Nur ein Idiot glaubt, aus den eigenen Erfahrungen zu lernen. Ich ziehe es vor, aus den Erfahrungen anderer zu lernen, um von vorneherein eigene Fehler zu vermeiden.
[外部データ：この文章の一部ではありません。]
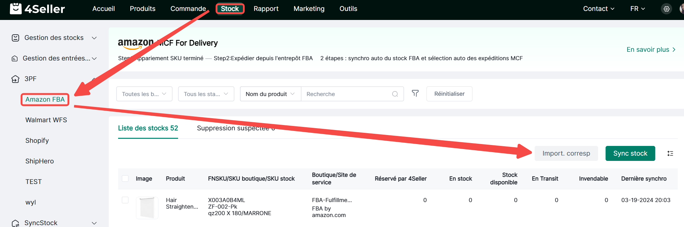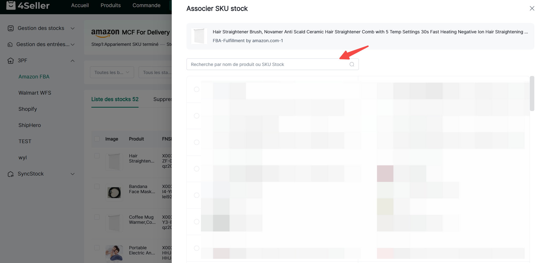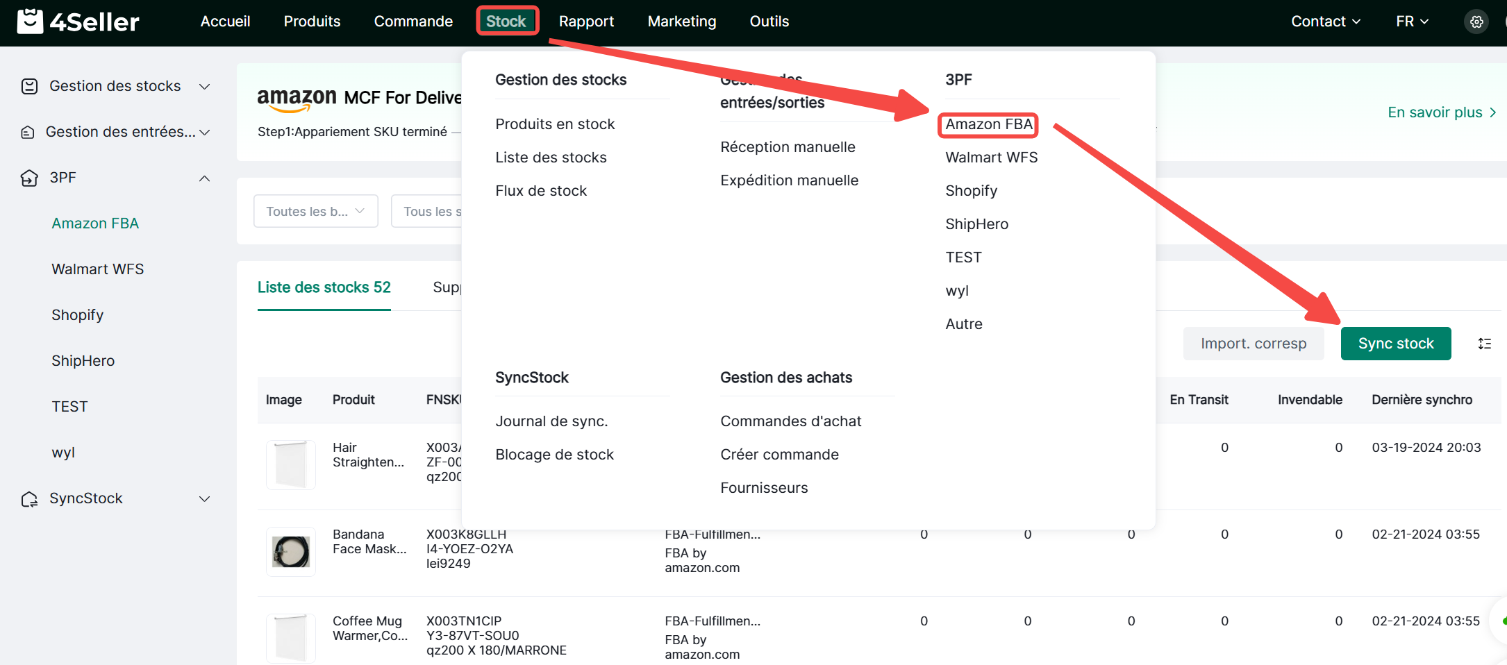 Cliquez sur Stocks pour accéder à la page de l'entrepôt 3PF, cliquez sur Synchroniser les stocks pour synchroniser les stocks de 3PF avec 4Seller, puis cliquez sur la référence du stock pour associer la référence du produit.
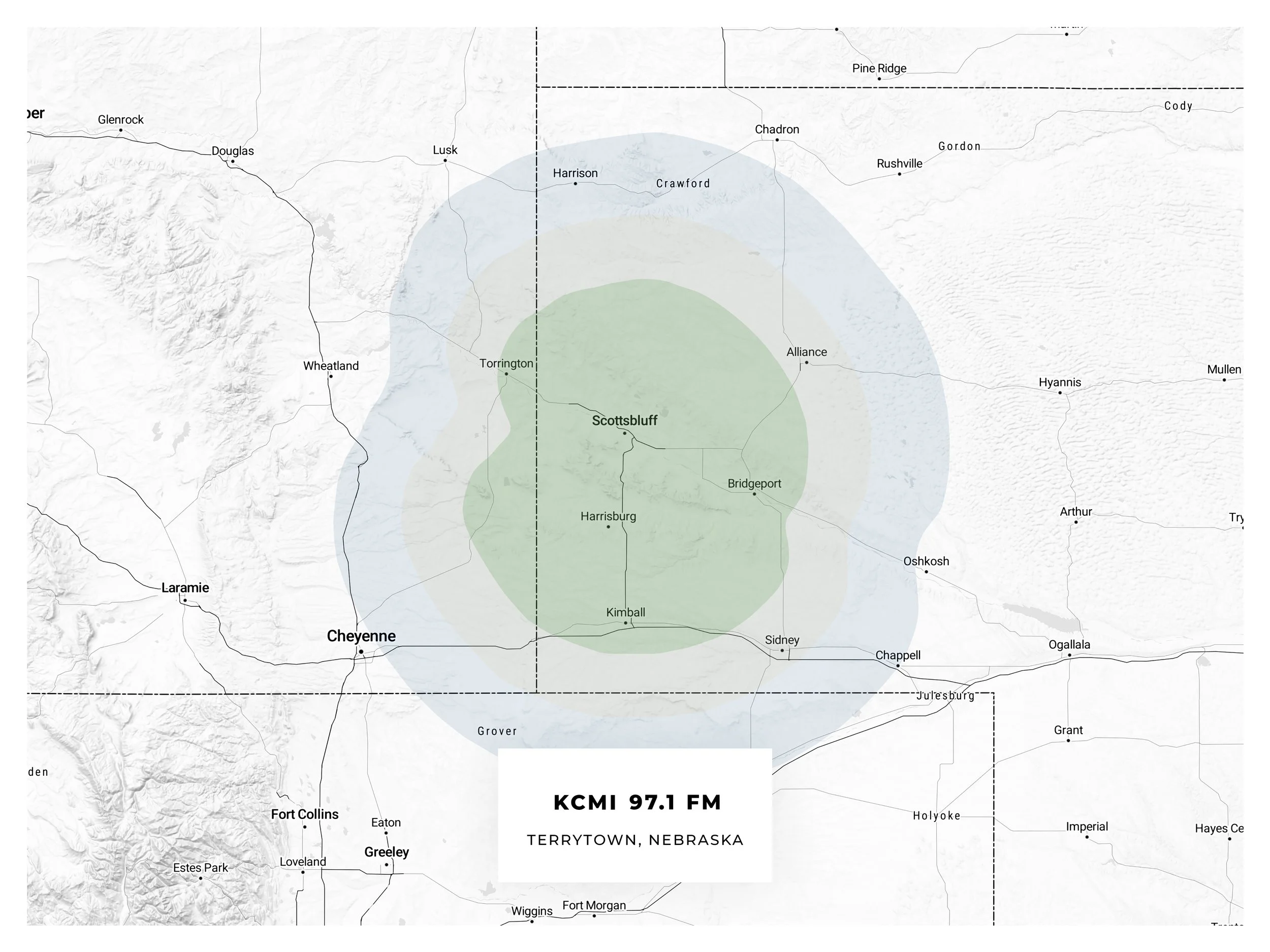 This map is licensed under the CC BY-NC 4.0 public license and has been modified to include the contours depicting the approximate coverage area for KCMI 97.1 FM Terrytown.
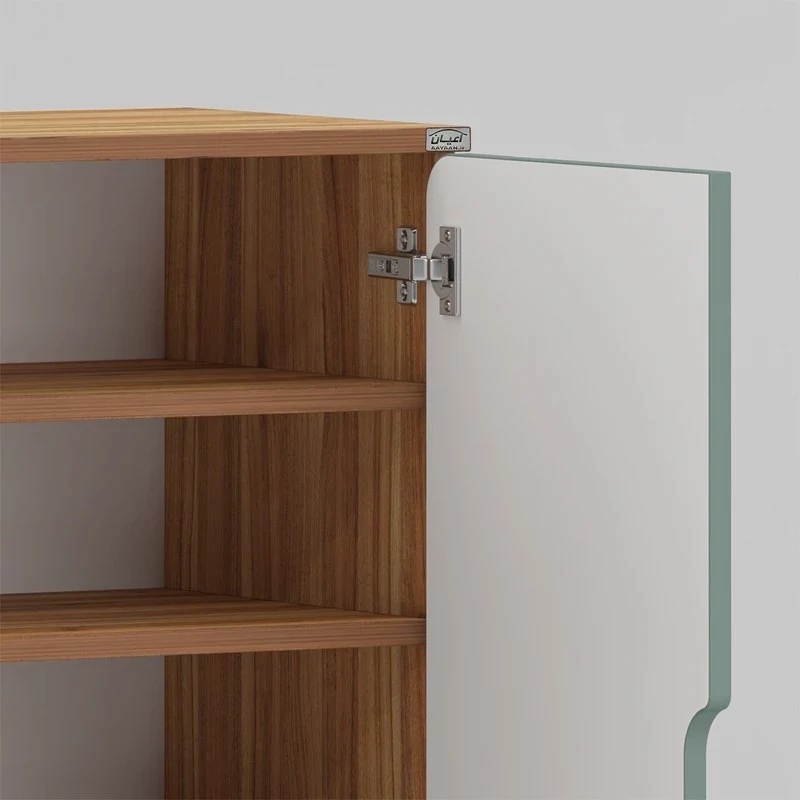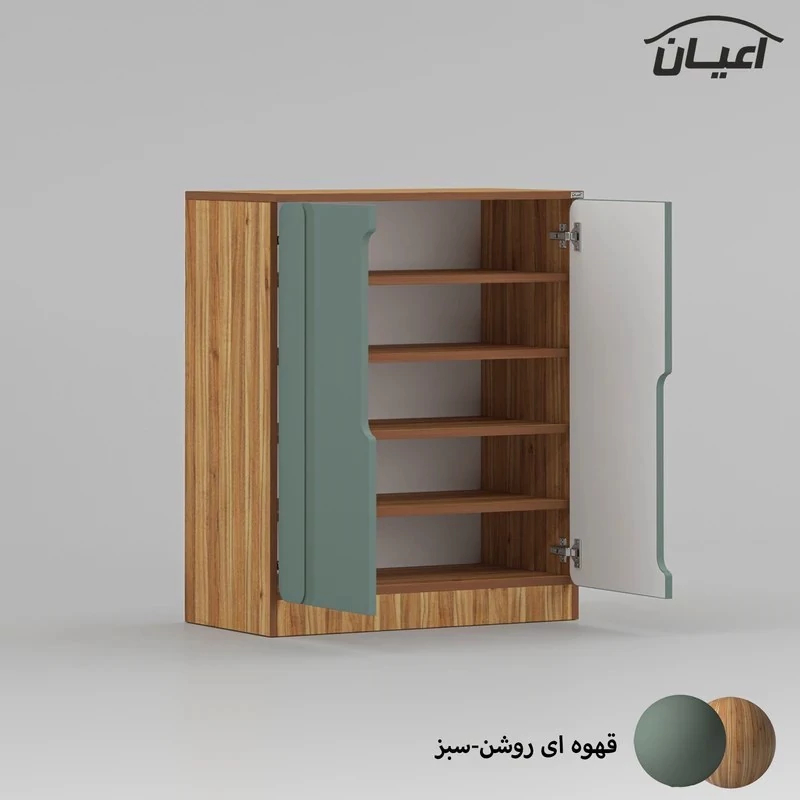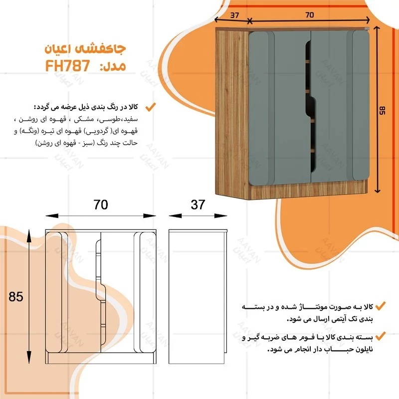 جاکفشی اعیان ، جنس بدنه مغزی نئوپان با روکش ملامینه ، جنس درب ها از ام دی اف با روکش وکیوم همراه با بازشوی لولای آرام بند ، دارای چهار طبقه و پنج فضا جهت قرار دادن کفش ها ، طراحی CNC خاص و منحصر به فرد اعیان بر روی درب ها و دستگیره های در ، این کالا را فقط با برند و لوگو اعیان تهیه کنید ، این کالا در رنگ بندی (سفید ، طوسی ، مشکی ، قهوه ای روشن ، قهوه ای(گردویی) ، قهوه ای تیره(ونگه)و حالت چند رنگ (قهوه ای روشن ، سبز) تولید و عرضه می گردد.در نظر داشته باشید همواره چند درجه اختلاف رنگ بین تصاویر کالا و کالای ساخته شده وجود دارد

(愚者だけが自分の経験から学ぶと信じている。私はむしろ、最初から自分の誤りを避けるため、他人の経験から学ぶのを好む。)

ださうです。この言葉が何時、誰によって現在の形に變はったのかは判りませんが歴史とは規模の大きな他人の經驗と言へますからその意味する方向性は變はらないと言へるでせう。

さて、一年以上にも渡って人類を苦しめてゐるコロナウィルスですが、その對策を見るにつけ歴史に學ぶ事の意義を考へざるを得ません。

コロナウィルス感染症に對して最優先で爲されるべき事は人命を救ふ事でせうか?それともワクチンを開發する事でせうか?この樣な二者擇一的視點からこの問題を論じた見解を寡聞にして知りません。日本政府の對策に至っては人命よりも何よりも經濟を優先させてる感すらあります。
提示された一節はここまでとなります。